Sikap serupa disampaikan oleh Ketua Majelis Ulama Indonesia (MUI) Bidang Dakwah dan Ukhuwah, M Cholil Nafis, yang menyebut dugaan pelarangan jilbab sebagai kebijakan yang tidak Pancasilais. Cholil menegaskan bahwa Sila Ketuhanan Yang Maha Esa menjamin hak melaksanakan ajaran agama dan meminta agar larangan tersebut dicabut. Ia juga menyarankan agar anggota Paskibraka muslimah lebih baik pulang jika dipaksa melepas jilbabnya.
Merespons protes tersebut, Kepala BPIP Yudian Wahyudi memberikan penjelasan bahwa tidak ada pemaksaan bagi anggota Paskibraka Nasional 2024 untuk melepas jilbab. Menurut Yudian, anggota Paskibraka putri melepas jilbabnya secara sukarela demi mematuhi aturan yang ada. Ia menegaskan bahwa penggunaan jilbab hanya tidak diperkenankan saat pengukuhan Paskibraka dan upacara pengibaran bendera pada 17 Agustus 2024. Di luar itu, seperti saat latihan, anggota Paskibraka yang berjilbab tetap diperbolehkan mengenakannya.
Yudian juga menyatakan bahwa setiap calon Paskibraka mendaftar secara sukarela dan telah menandatangani surat pernyataan yang mencantumkan tata pakaian dan sikap tampang Paskibraka. Aturan ini telah ditegaskan dalam Surat Keputusan Kepala BPIP Nomor 35 Tahun 2024 tentang Standar Pakaian, Atribut, dan Sikap Tampang Pasukan Pengibar Bendera Pusaka. Yudian menambahkan bahwa sejak awal berdirinya Paskibraka, seragam beserta atributnya telah dirancang dengan makna Bhinneka Tunggal Ika, yang menjadi dasar peraturan tersebut.
Kontroversi ini terus bergulir, dengan berbagai pihak yang mendesak agar larangan tersebut dicabut demi menghormati hak beragama dan menjaga semangat kebinekaan di Indonesia.
Isu ini bukan hanya soal seragam dan tampilan, melainkan menyangkut hak fundamental setiap warga negara dalam menjalankan keyakinan agamanya, yang dijamin oleh UUD 1945 dan Pancasila.
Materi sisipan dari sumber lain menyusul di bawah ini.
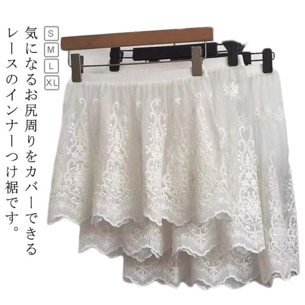 重ね着風 女性用 つけ裾 腹巻 型カバー トップス 付け裾 白 レース 花柄 レイヤード風 フェイクレイヤード お出かけ スカート風 レディース 透け

Paskibraka, sebagai salah satu simbol kebanggaan nasional, seharusnya mencerminkan semangat kebinekaan yang menjadi dasar negara kita. Keberagaman dalam agama, budaya, dan suku bangsa adalah kekayaan yang harus dijaga dan dihormati, bukan justru dipersulit oleh aturan yang bisa dianggap diskriminatif.
Penggunaan jilbab oleh anggota Paskibraka putri seharusnya dilihat sebagai wujud dari kebebasan beragama dan ekspresi keyakinan yang tidak mengurangi apapun dari nilai estetika maupun ketertiban yang diinginkan dalam upacara kenegaraan. Jika jilbab memang tidak mengganggu pelaksanaan tugas, mengapa harus ada pembatasan?